• _Problem statement_
An exact copy of every entry below is required, and no picture may appear in it.

• _Source material_
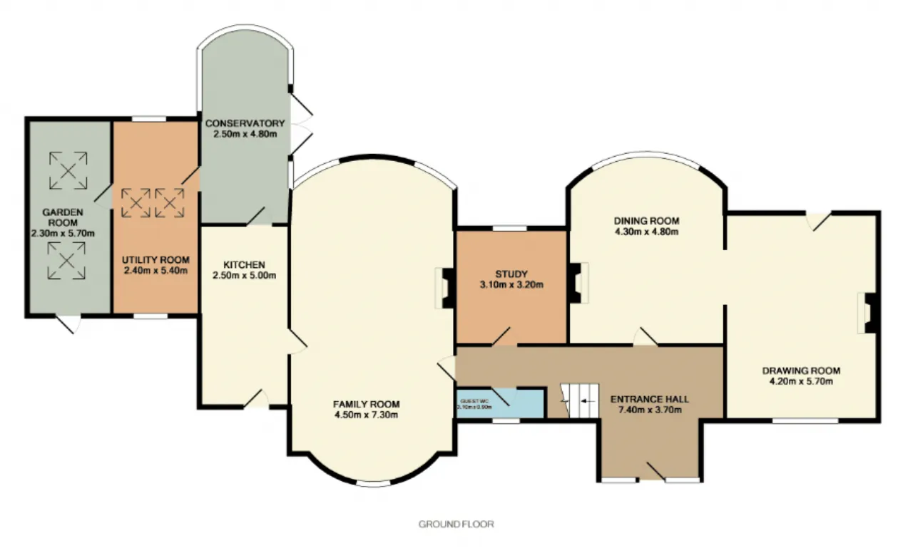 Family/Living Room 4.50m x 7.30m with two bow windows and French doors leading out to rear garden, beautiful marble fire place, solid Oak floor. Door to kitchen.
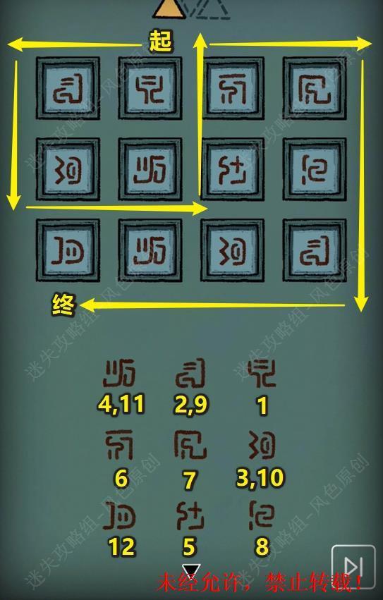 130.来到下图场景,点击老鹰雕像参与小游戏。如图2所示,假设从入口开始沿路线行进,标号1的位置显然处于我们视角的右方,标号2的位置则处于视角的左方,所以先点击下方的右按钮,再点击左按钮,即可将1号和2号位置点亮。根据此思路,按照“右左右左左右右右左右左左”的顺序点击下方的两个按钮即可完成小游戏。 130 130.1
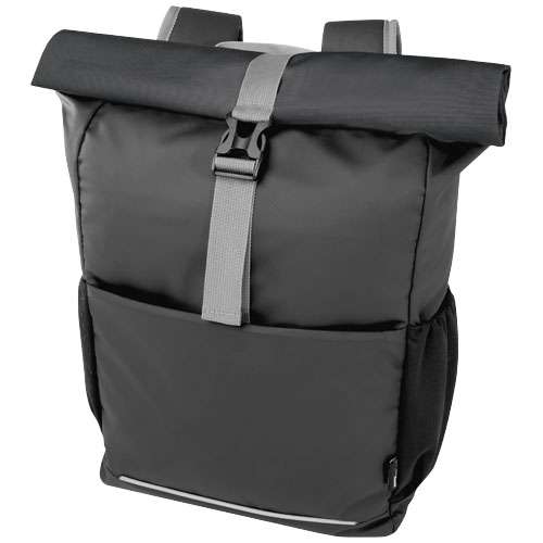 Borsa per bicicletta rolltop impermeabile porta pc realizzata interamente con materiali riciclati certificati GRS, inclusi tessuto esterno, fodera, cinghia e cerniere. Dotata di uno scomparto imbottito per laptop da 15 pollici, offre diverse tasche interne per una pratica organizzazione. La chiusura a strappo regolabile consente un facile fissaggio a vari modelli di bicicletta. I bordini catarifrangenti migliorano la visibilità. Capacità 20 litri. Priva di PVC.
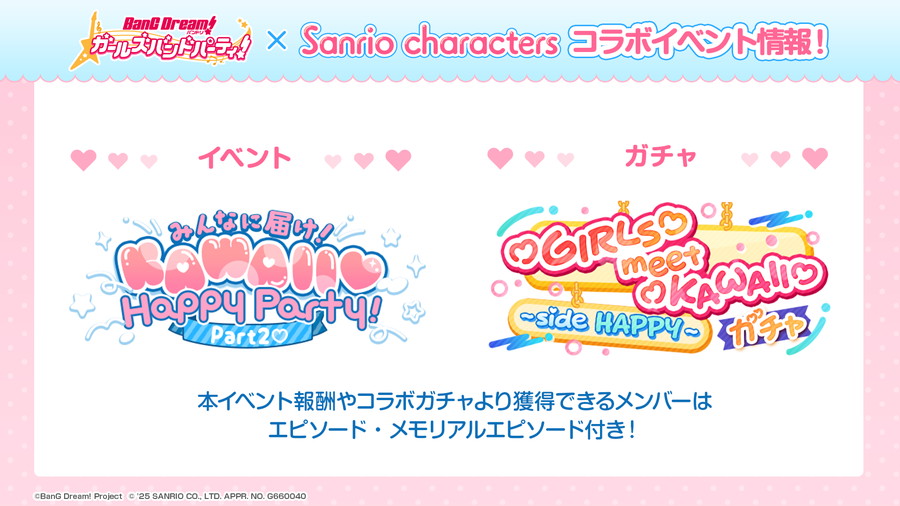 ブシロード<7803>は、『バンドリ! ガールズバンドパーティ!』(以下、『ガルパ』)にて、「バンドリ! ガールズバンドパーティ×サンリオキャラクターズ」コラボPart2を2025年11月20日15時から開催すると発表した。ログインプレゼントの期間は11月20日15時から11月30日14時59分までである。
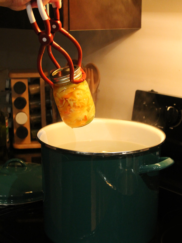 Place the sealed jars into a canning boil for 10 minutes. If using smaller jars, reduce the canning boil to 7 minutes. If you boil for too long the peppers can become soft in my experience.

• _Solution_
 Family/Living Room 4.50m x 7.30m with two bow windows and French doors leading out to rear garden, beautiful marble fire place, solid Oak floor. Door to kitchen.
 130.来到下图场景,点击老鹰雕像参与小游戏。如图2所示,假设从入口开始沿路线行进,标号1的位置显然处于我们视角的右方,标号2的位置则处于视角的左方,所以先点击下方的右按钮,再点击左按钮,即可将1号和2号位置点亮。根据此思路,按照“右左右左左右右右左右左左”的顺序点击下方的两个按钮即可完成小游戏。 130 130.1
 Borsa per bicicletta rolltop impermeabile porta pc realizzata interamente con materiali riciclati certificati GRS, inclusi tessuto esterno, fodera, cinghia e cerniere. Dotata di uno scomparto imbottito per laptop da 15 pollici, offre diverse tasche interne per una pratica organizzazione. La chiusura a strappo regolabile consente un facile fissaggio a vari modelli di bicicletta. I bordini catarifrangenti migliorano la visibilità. Capacità 20 litri. Priva di PVC.
 ブシロード<7803>は、『バンドリ! ガールズバンドパーティ!』(以下、『ガルパ』)にて、「バンドリ! ガールズバンドパーティ×サンリオキャラクターズ」コラボPart2を2025年11月20日15時から開催すると発表した。ログインプレゼントの期間は11月20日15時から11月30日14時59分までである。
 Place the sealed jars into a canning boil for 10 minutes. If using smaller jars, reduce the canning boil to 7 minutes. If you boil for too long the peppers can become soft in my experience.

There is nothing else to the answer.